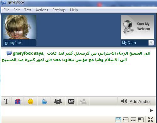 ودخلت الى البالتوك لتبشر بالمحبة والمودة وبالرب محبة يسوع وتنقلت بين الغرف البالتوك الحوار الاسلامي المسيحي وحطت رحالها في غرفة مغاربة ضد التنصير والالحاد
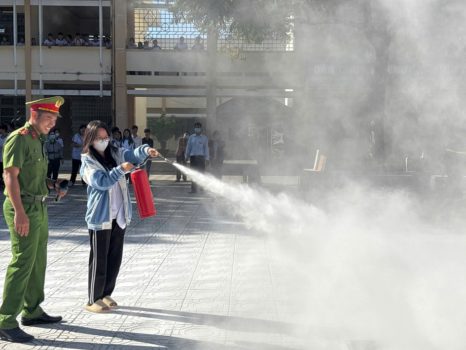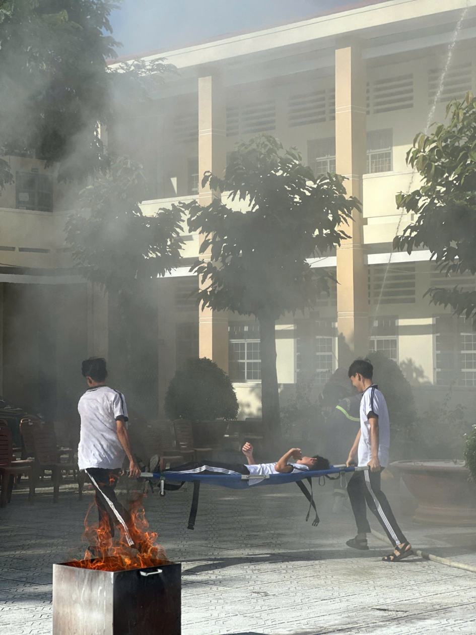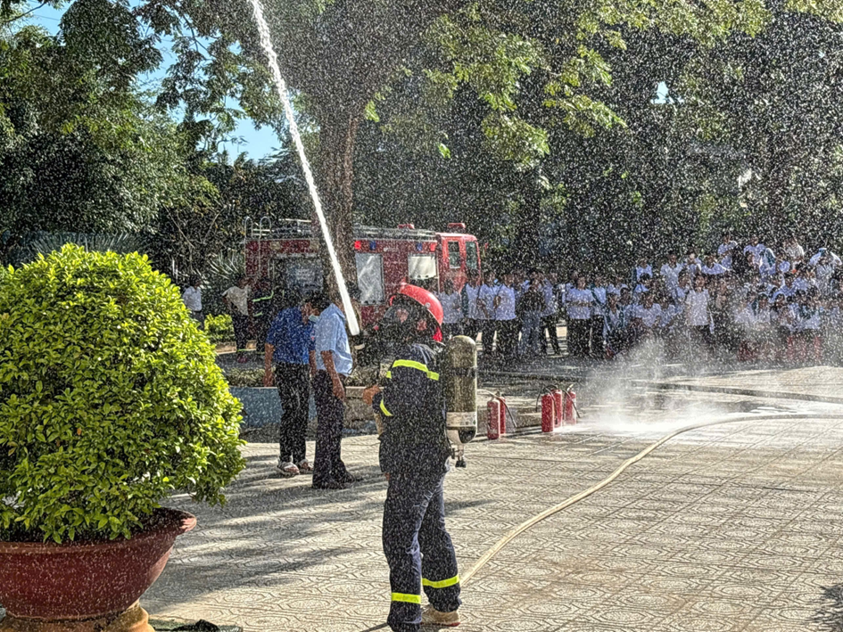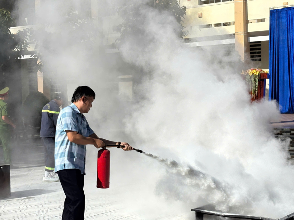 Sau phần lý thuyết, toàn thể cán bộ, giáo viên, nhân viên và học sinh đã tham gia thực hành chữa cháy và diễn tập các tình huống giả định theo phương án phòng cháy, chữa cháy và cứu nạn cứu hộ của nhà trường. Dưới sự hướng dẫn trực tiếp của lực lượng PCCC&CNCH của Đội Cảnh sát PCCC& CNCH khu vực 4, các thầy cô giáo và học sinh được thực hành thao tác sử dụng bình khí CO₂, bình bột để dập tắt đám cháy, đồng thời tham gia nội dung diễn tập chữa cháy – cứu nạn, cứu hộ theo quy trình chuẩn.
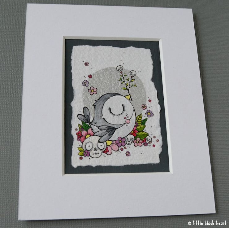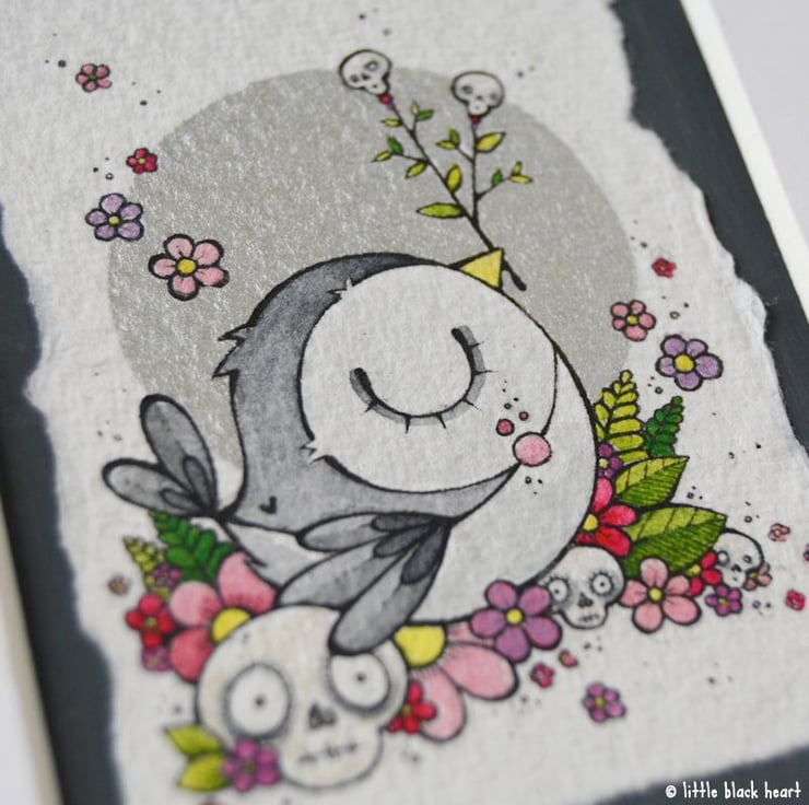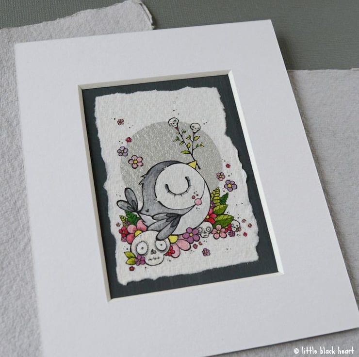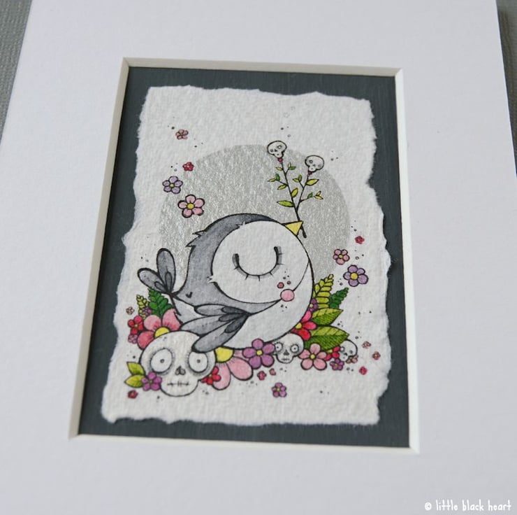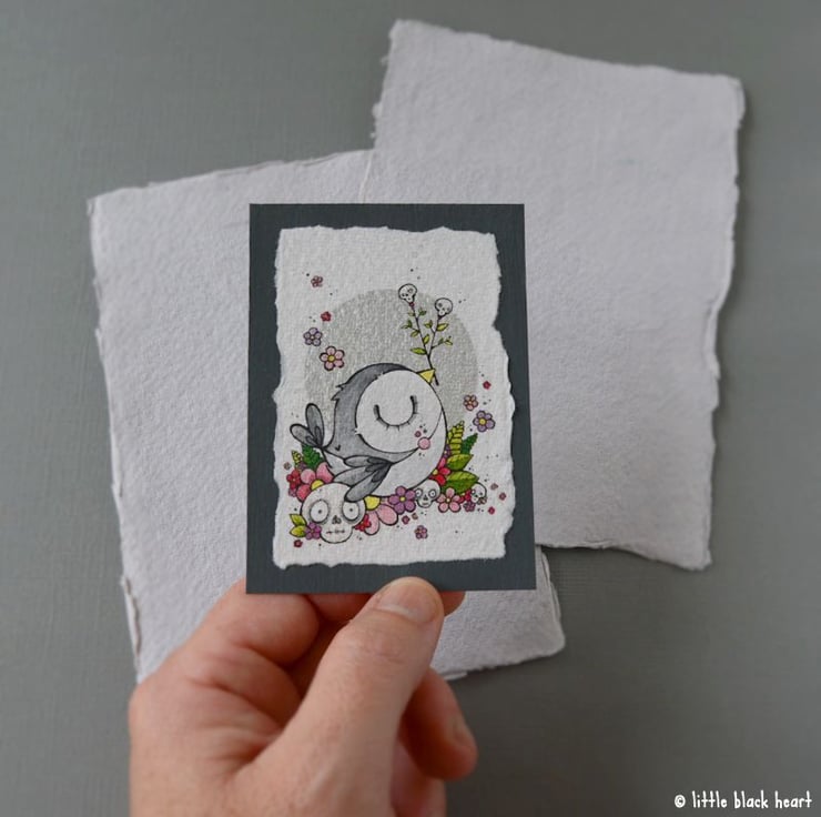original artwork in artists pens and watercolour paints, on textured white khadi paper, which is handmade in india from recycled cotton rag. the paper has been hand torn to create a deckled edge, which I have then mounted to a dark grey hand painted aceo.

━━━━━━━━

> _What you have to do_: Reproduce the whole listing above word for word, but not its pictures.

> _Response area_:
 ودخلت الى البالتوك لتبشر بالمحبة والمودة وبالرب محبة يسوع وتنقلت بين الغرف البالتوك الحوار الاسلامي المسيحي وحطت رحالها في غرفة مغاربة ضد التنصير والالحاد
 Sau phần lý thuyết, toàn thể cán bộ, giáo viên, nhân viên và học sinh đã tham gia thực hành chữa cháy và diễn tập các tình huống giả định theo phương án phòng cháy, chữa cháy và cứu nạn cứu hộ của nhà trường. Dưới sự hướng dẫn trực tiếp của lực lượng PCCC&CNCH của Đội Cảnh sát PCCC& CNCH khu vực 4, các thầy cô giáo và học sinh được thực hành thao tác sử dụng bình khí CO₂, bình bột để dập tắt đám cháy, đồng thời tham gia nội dung diễn tập chữa cháy – cứu nạn, cứu hộ theo quy trình chuẩn.
original artwork in artists pens and watercolour paints, on textured white khadi paper, which is handmade in india from recycled cotton rag. the paper has been hand torn to create a deckled edge, which I have then mounted to a dark grey hand painted aceo.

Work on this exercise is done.